Who pays for flood insurance in mortgage agreements?

Most mortgage agreements place the primary legal responsibility for maintaining flood insurance on the borrower when a property is located in a mapped high-risk area. Federal guidance and the terms of government-backed loans mean that the lender enforces that requirement, and may step in if the borrower fails to maintain coverage.

Lender requirements and borrower responsibility

Federal agencies set clear expectations: the Federal Emergency Management Agency National Flood Insurance Program requires coverage for structures in Special Flood Hazard Areas, and the Consumer Financial Protection Bureau explains that federally regulated lenders must ensure that properties securing loans have adequate flood insurance when required. Agencies that back or insure mortgages—Federal Housing Administration, Department of Veterans Affairs, Fannie Mae, and Freddie Mac—include provisions that the borrower must buy and maintain a policy as a condition of the loan. When loans are sold into secondary markets, those program rules continue to govern acceptable collateral, so lenders require evidence of a policy at closing and often annually thereafter.
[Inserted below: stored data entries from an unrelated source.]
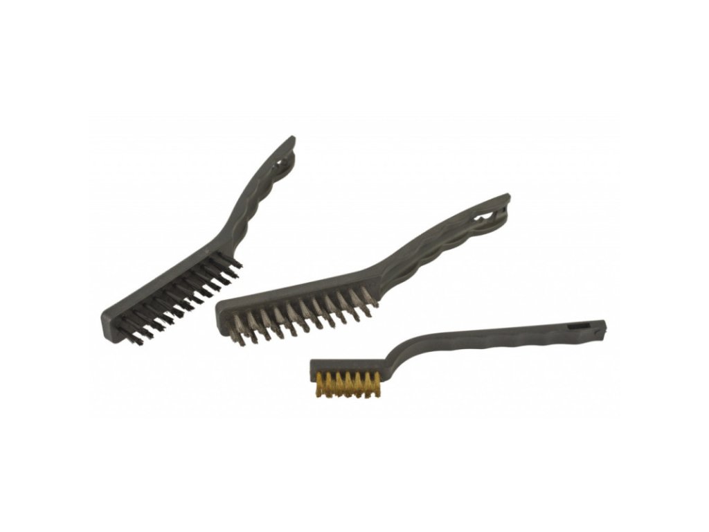 Ergonomicky tvarovaná plastová rukojeť s ocelovými, mosaznými a nylonovými štětinami.
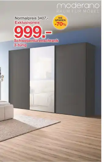Jetzt im Angebot bei Möbelzentrum Pforzheim: Moderano schwebetürenschrank 3-türig ✅ Aktion gültig vom 21-02 bis 7-03.
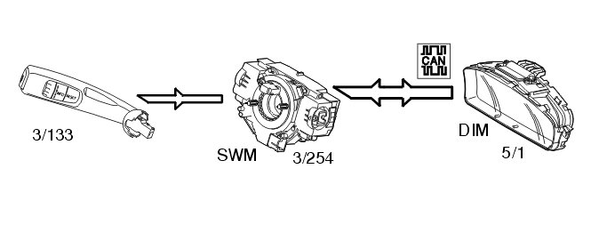 The left-hand control stalk (3/133) is used to control the trip computer and to display and erase text messages in the driver information module (DIM) (5/1). The steering wheel module (SWM) (3/254) transmits information to the driver information module (DIM) (5/1) on the controller area network (CAN) indicating which function is selected.
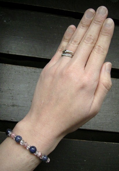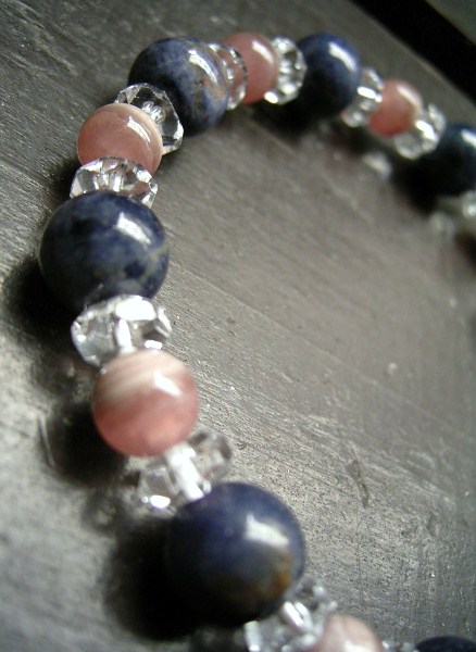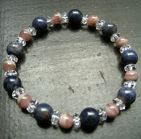 サファイアxインカローズxカット水晶ブレスレット 天然石 パワーストーン
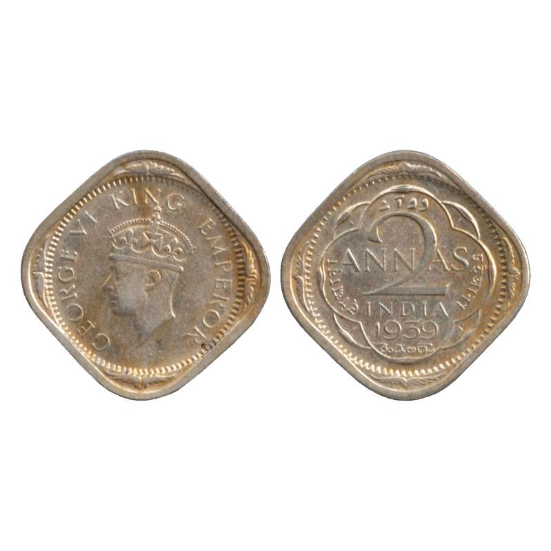 George VI, Cupro-Nickel 2 Annas, 1939, Calcutta Mint, head type II. (Pr. 905)

This allocation emerges from the lender’s interest in protecting collateral value and the lender’s legal exposure; without insurance, a damaging flood can wipe out the property equity that secures the loan, increasing default risk. In practice, the borrower writes the premium checks, but the lender enforces the rule and can impose remedies if coverage lapses.

Forced-placement insurance, escrow, and consequences

If a borrower fails to obtain or maintain required flood insurance, the lender typically purchases a policy on the borrower’s behalf—commonly called forced-place insurance—and charges the borrower for the premium and administrative costs. The Consumer Financial Protection Bureau highlights that forced-place policies are often more expensive and provide less favorable terms than policies the homeowner might obtain voluntarily. Many government-backed loans also require escrow accounts to collect insurance and tax payments, which shifts timing and visibility of cost but not ultimate payment responsibility to the borrower.

Consequences of nonpayment or lapses extend beyond higher premiums. Research by Kathleen Tierney at University of Colorado Boulder and Michael K. Lindell at Texas A&M University documents that flood events and insurance shortfalls disproportionately burden low-income and marginalized communities, contributing to longer recovery times and increased displacement. On a territorial level, coastal and riverine communities face rising exposure as climate change alters flood frequency and severity, which in turn pressures insurance markets and federal programs such as the NFIP created by FEMA.

Policy and affordability nuance

Congressional reforms to the National Flood Insurance Program and administrative rulemaking have changed premium structures and eligibility over time, affecting affordability and community resilience. Policymakers, lenders, and borrowers operate within a system where legal responsibility, economic capacity, and geographic risk intersect. For prospective homeowners, the practical takeaway is clear: mortgage agreements typically make the borrower financially responsible for flood insurance, while lenders enforce the requirement and can shift costs back to the borrower through escrow or forced-placement measures.